On Tue, Mar 16, 2021 at 12:55:45PM +0100, Magnus Hagander wrote:
> On Tue, Mar 9, 2021 at 3:39 AM Julien Rouhaud <rjuju...@gmail.com> wrote:
> >
> > I think that we might be able to handle that without a flag.  The only thing
> > that would need to be done is when creating an entry, look for an existing
> > entry with the opposite flag, and if there's simply use the same
> > (query_offset, query_len) info.  This doesn't sound that expensive.
> 
> That's basically what I was trying to say :)

Oh ok sorry :)

> > The real pain point will be that the garbage collection phase
> > will become way more expensive as it will now have to somehow maintain that
> > knowledge, which will require additional lookups for each entry.  I'm a bit
> > concerned about that, especially with the current heuristic to schedule 
> > garbage
> > collection.  For now, need_qc_qtext says that we have to do it if the 
> > extent is
> > more than 512 (B) * pgss_max.  This probably doesn't work well for people 
> > using
> > ORM as they tend to generate gigantic SQL queries.
> 
> Right, the cost would be mostly on the GC  side. I've never done any
> profiling to see how big of a thing that is in systems today -- have
> you?

I didn't, but I don't see how it could be anything but ridiculously impacting.
it's basically preventing any query from being planned or executed on the whole
instance the time needed to read the previous qtext file, and write all entries
still needed.

> > I don't that think that anyone really had a strong argument, mostly gut
> > feeling.  Note that pg_stat_kcache already implemented that toplevel flags, 
> > so
> > if people are using that extension in a recent version they might have some
> > figures to show.  I'll ping some people that I know are using it.
> 
> Great -- data always wins over gut feelings :)

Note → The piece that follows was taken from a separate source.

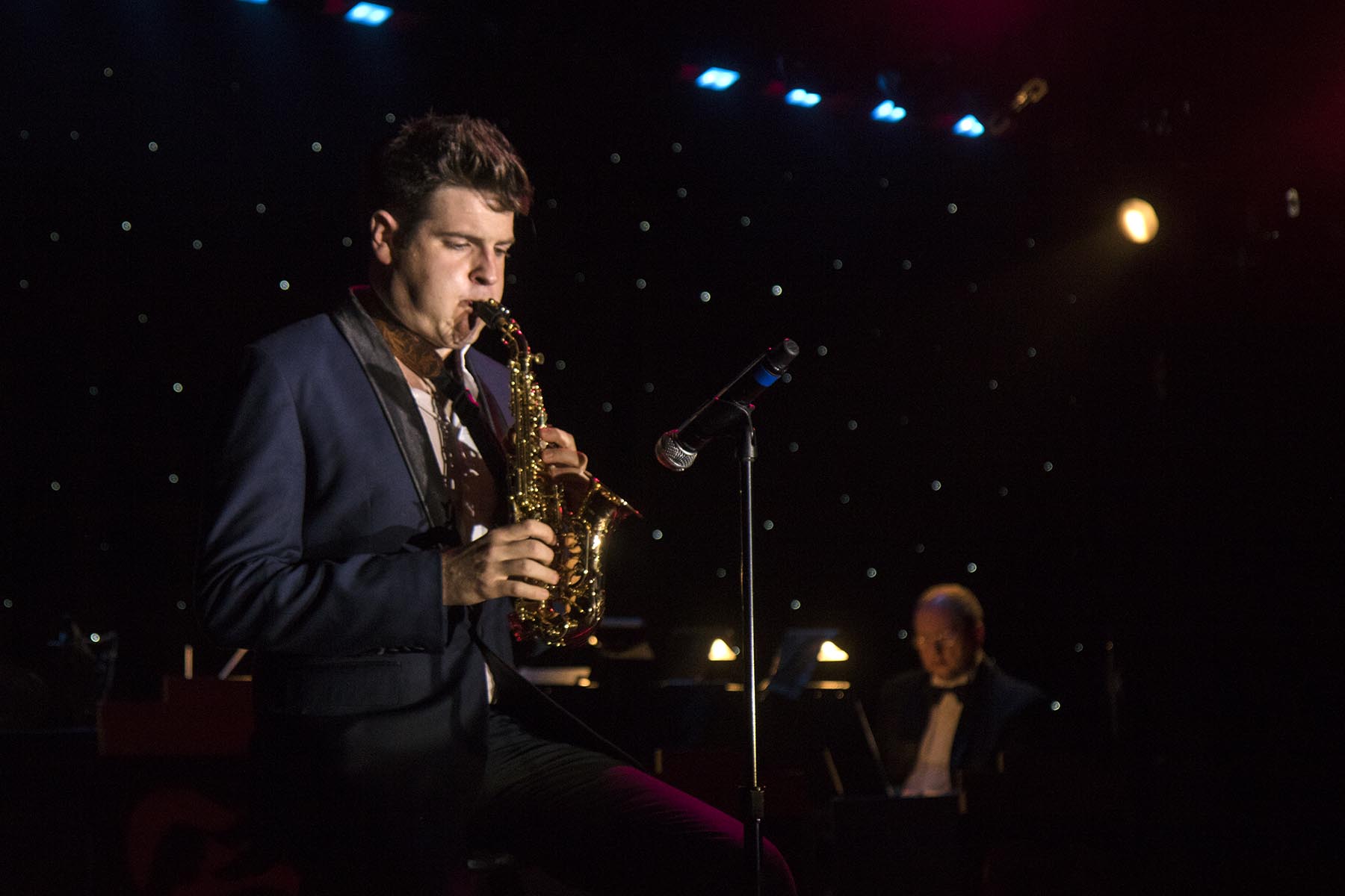 IMG_1391OliN Published April 17, 2017 at 1800 × 1200 in Caribbean Cruise (Part 2) – St Martin, St Kitts, St Vincent’s, Tobago Oli Nez on saxophone, Christmas Day, Ocean Princess

So I asked some friends that have latest pg_stat_kcache installed on some
preproduction environment configured to track nested queries.  There isn't a
high throughput but the activity should still be representative of the
production queries.  There are a lot of applications plugged there, around 20
databases and quite a lot of PL code.

After a few days, here are the statistics:

- total of ~ 9500 entries
- ~ 900 entries for nested statements
- ~ 35 entries existing for both top level and nested statements

So the duplicates account for less than 4% of the nested statements, and less
than 0.5% of the whole entries.

I wish I had more reports, but if this one is representative enough then it
seems that trying to avoid storing duplicated queries wouldn't be worth it.

> > One good argument would be that gigantic queries generated by ORM should 
> > always
> > be executed as top level statements.
> 
> Yes, that's true. And it probably holds as a more generic case as
> well, that is the queries that are likely to show up both top-level
> and lower-level are more likely to be relatively simple ones. (Except
> for example during the development of functions/procs where they're
> often executed top level as well to test etc, but that's not the most
> important case to optimize for)

Agreed.

> > I previously tried with the postgres regression tests, which clearly isn't a
> > representative workload, and as far as I can see the vast majority of 
> > queries
> > executed bost as top level and nested level are DDL implying recursion 
> > (e.g. a
> > CREATE TABLE with underlying index creation).
> 
> I think the PostgreSQL regression tests are so far from a real world
> workload that the input in this case has a value of exactly zero.

I totally agree, but that's the only one I had at that time :)  Still it wasn't
entirely useless as I didn't realize before that that some DDL would lead to
duplicated entries.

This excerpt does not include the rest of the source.